Would you transcribe the entries below, beginning at the line with "電腦桌布,羅潔塔 Rosalina, Super" and ending after the line with "Pain Management Research", exactly, with no picture and nothing more?

→ **Source records**
-- Opening Marker --

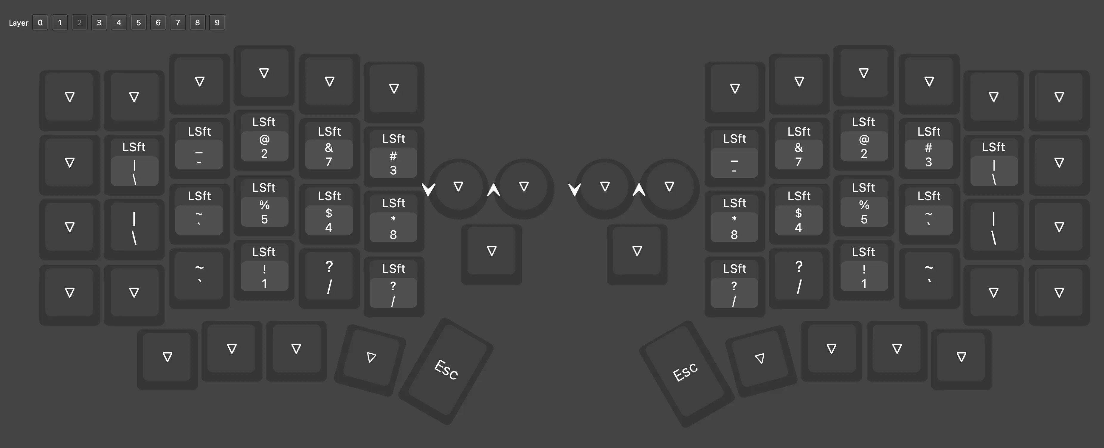 This is the second symbol layer and at it’s core follows the same thought as layer 1. This layer got added quite a bit later than the others so I am the least used to it’s key placement, which is even harder to learn as most of the symbols here are barely used in my day to day work. But this is just a bit more difficult to learn than the rest, not a big deal.
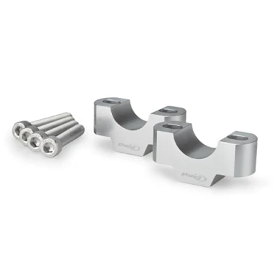 Puig 22115P Handlebar risers for 20 mm elevation in CNC machined aluminum with anodized finish, Hi Tech Parts design to enhance ergonomics and comfort, Silver
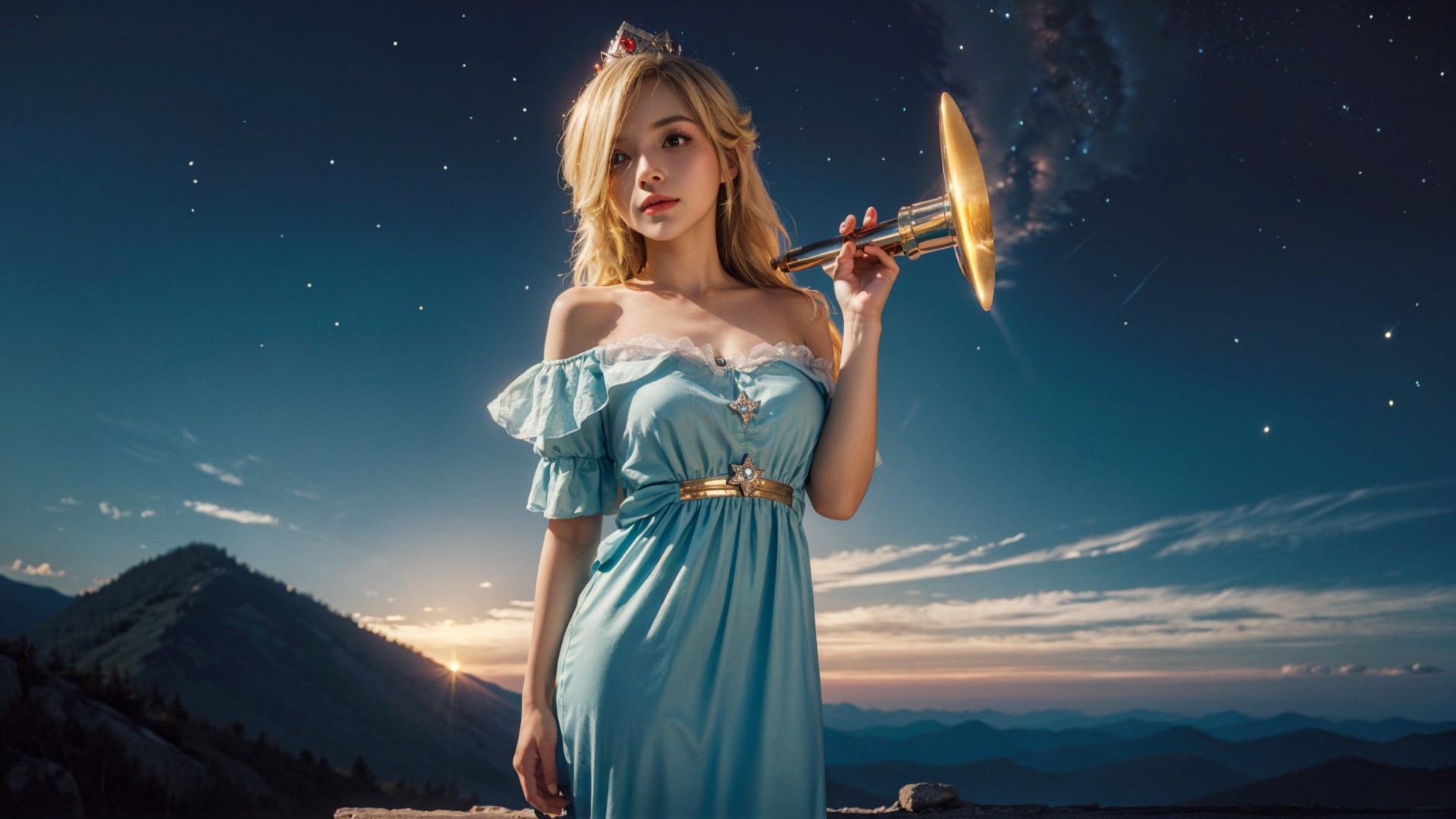 電腦桌布,羅潔塔 Rosalina, Super Mario Galaxy,真人,奇幻禮服,綾香cosplay,她手握長杖,藍衣女子手持小號,宋慧喬,手持魔杖,金發碧眼的宇宙禮服少女,美麗的精靈女孩,奇幻寫真,魔法禮服,天空 -藍色連衣裙
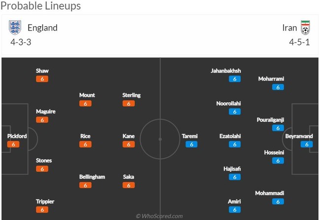 잉글랜드는 21일 오후 10시(한국시간) 카타르 도하에 위치한 칼리파 국제경기장에서 열리는 2022 국제축구연맹(FIFA) 카타르 월드컵 B조 1차전에서 이란과 맞붙는다. 잉글랜드는 FIFA 랭킹 5위, 이란은 FIFA 랭킹 20위다.
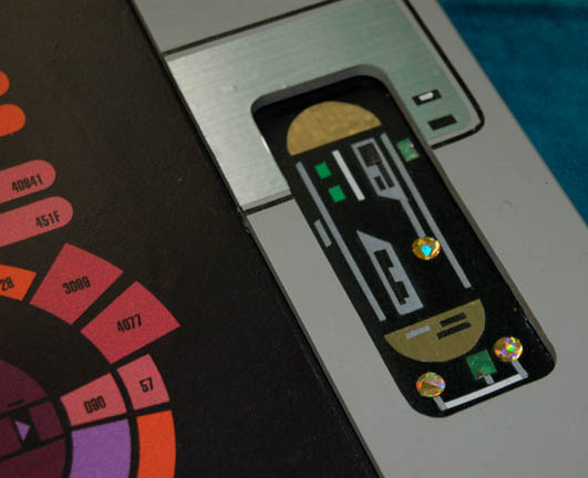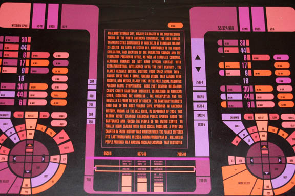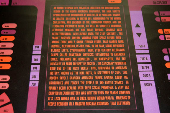 Description: A very large PADD believed to be featured episodes of Star Trek: Deep Space Nine. The item is made from fashioned resin with a large graphical application inset to the item, a series of metallic adhesives colored gold and silver accent the item. The graphic depicts two areas of multi-colored faux buttons and a centered description of Earth history including such information as the setting of ‘Mojave, California’, the location of Earth in ‘Sector 001’, humanity’s first contact with extra-terrestrial life officially in the ‘early 21st Century’ and prior to that with the Ferengi in ‘Roswell, New Mexico’ (taking place in the Star Trek: Deep Space Nine episode “Little Green Men”), and explaining the events of the ‘Bell Riots’ (in the episodes “Past Tense: Parts I and II”). The history goes on to detail the events of the ‘Third World War’ beginning in ‘2053’. The item measures approx. 24 X 16 X .25 inches.
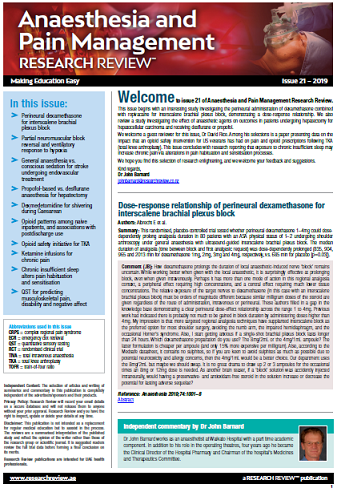 Pain Management Research Review is currently published in conjunction with Anaesthesia Research Review. Expert commentary for Anaesthesia Research Review is provided by Dr John Barnard.
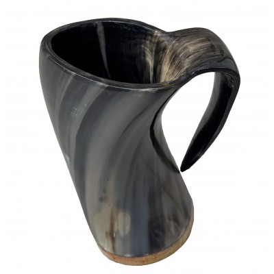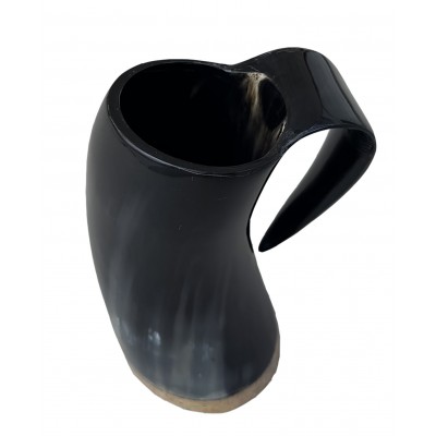 Taza hecha de cuerno natural de búfalo de agua. Perfectamente pulida. Es un auténtico complemento para el traje medieval. Es un elemento decorativo. No se debe usar como recipiente para beber. Todos los cuernos tienen un color y un patrón diferentes. Los cuernos son de origen ético. También disponible en dos tamaños más pequeños (ST519 y ST520).
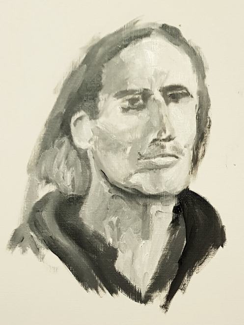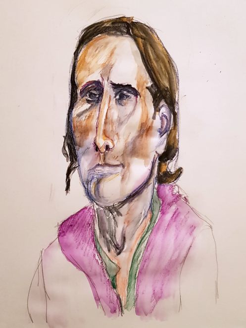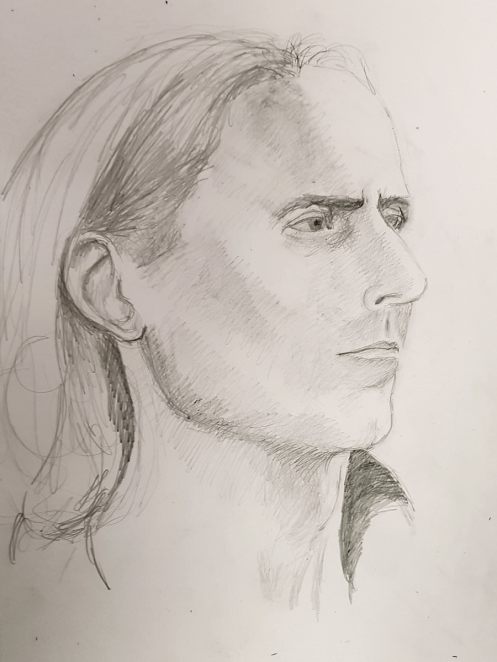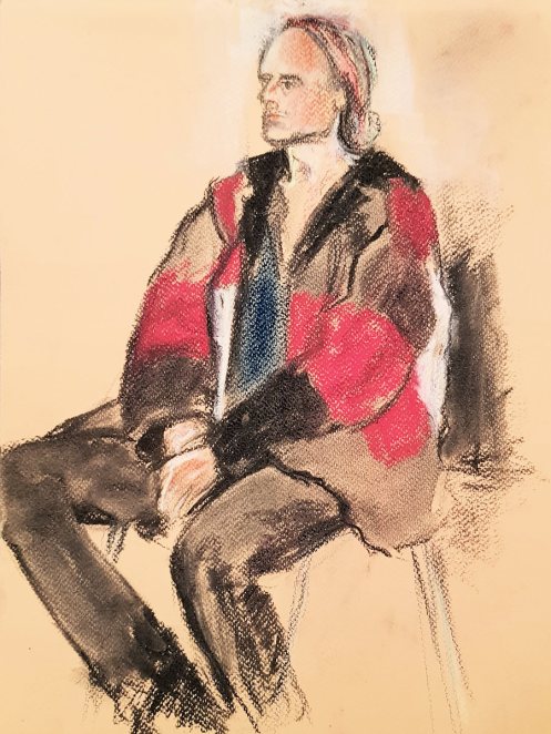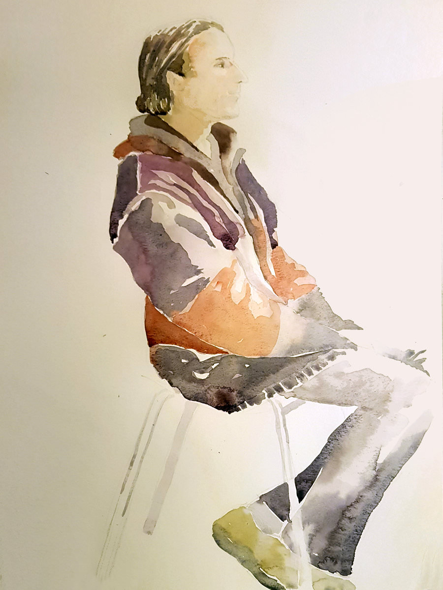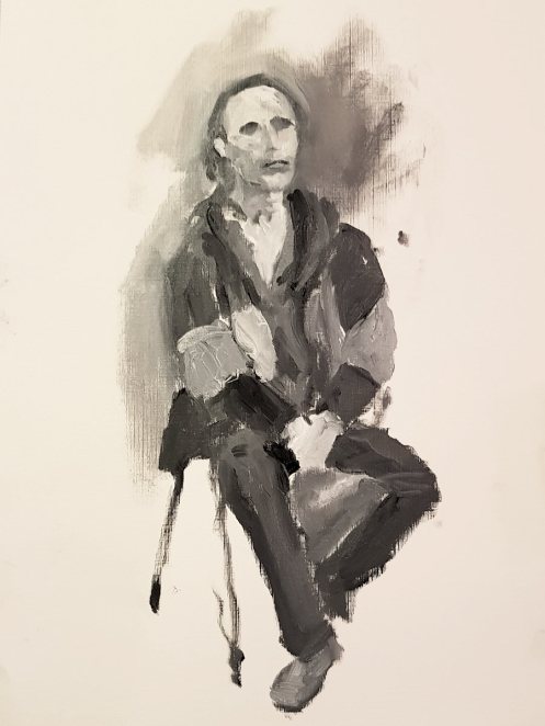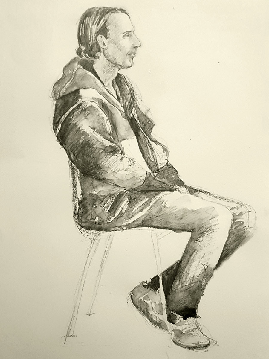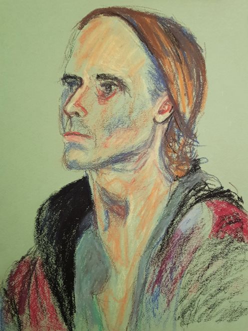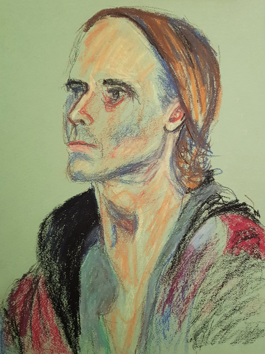This January portrait sitting for The Croydon Art Society started as the offer of a life model booking in September last year. Alas, I wasn’t free for that date; neither could I make their next date in November, but my diary was open for January. It being winter, they thoughtfully reserve this session for clothed posing.

-- Closing Marker --

→ **Solution to this problem**
 電腦桌布,羅潔塔 Rosalina, Super Mario Galaxy,真人,奇幻禮服,綾香cosplay,她手握長杖,藍衣女子手持小號,宋慧喬,手持魔杖,金發碧眼的宇宙禮服少女,美麗的精靈女孩,奇幻寫真,魔法禮服,天空 -藍色連衣裙
 잉글랜드는 21일 오후 10시(한국시간) 카타르 도하에 위치한 칼리파 국제경기장에서 열리는 2022 국제축구연맹(FIFA) 카타르 월드컵 B조 1차전에서 이란과 맞붙는다. 잉글랜드는 FIFA 랭킹 5위, 이란은 FIFA 랭킹 20위다.
 Description: A very large PADD believed to be featured episodes of Star Trek: Deep Space Nine. The item is made from fashioned resin with a large graphical application inset to the item, a series of metallic adhesives colored gold and silver accent the item. The graphic depicts two areas of multi-colored faux buttons and a centered description of Earth history including such information as the setting of ‘Mojave, California’, the location of Earth in ‘Sector 001’, humanity’s first contact with extra-terrestrial life officially in the ‘early 21st Century’ and prior to that with the Ferengi in ‘Roswell, New Mexico’ (taking place in the Star Trek: Deep Space Nine episode “Little Green Men”), and explaining the events of the ‘Bell Riots’ (in the episodes “Past Tense: Parts I and II”). The history goes on to detail the events of the ‘Third World War’ beginning in ‘2053’. The item measures approx. 24 X 16 X .25 inches.
 Pain Management Research Review is currently published in conjunction with Anaesthesia Research Review. Expert commentary for Anaesthesia Research Review is provided by Dr John Barnard.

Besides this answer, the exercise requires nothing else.